PROMPT:
Exclude the pictures and repeat all of the data exactly.

PROVIDED MATERIAL:
★ ★ ★
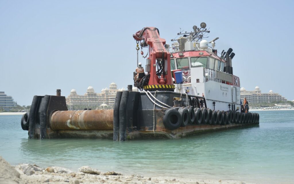 Holyhead Towing Co. Ltd has just released these amazing photos of its multicat Bardsey Island working with Van Oord on the iconic Palm Jumeirah, UAE.
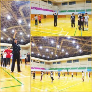とっても広い体育館だったので、スペースを広く使ってのラジオ体操。
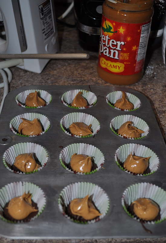 Removing the chocolate from the refrigerator, spoon just a small amount of peanut butter into each cup.
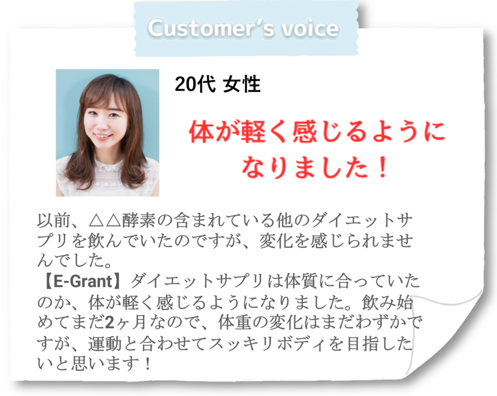 最後に、【E-Grant】ダイエットサプリご愛用の皆様からのお喜びの声を紹介させていただきます。
★ ★ ★
RESULT OF THIS EXERCISE:
 Holyhead Towing Co. Ltd has just released these amazing photos of its multicat Bardsey Island working with Van Oord on the iconic Palm Jumeirah, UAE.
とっても広い体育館だったので、スペースを広く使ってのラジオ体操。
 Removing the chocolate from the refrigerator, spoon just a small amount of peanut butter into each cup.
 最後に、【E-Grant】ダイエットサプリご愛用の皆様からのお喜びの声を紹介させていただきます。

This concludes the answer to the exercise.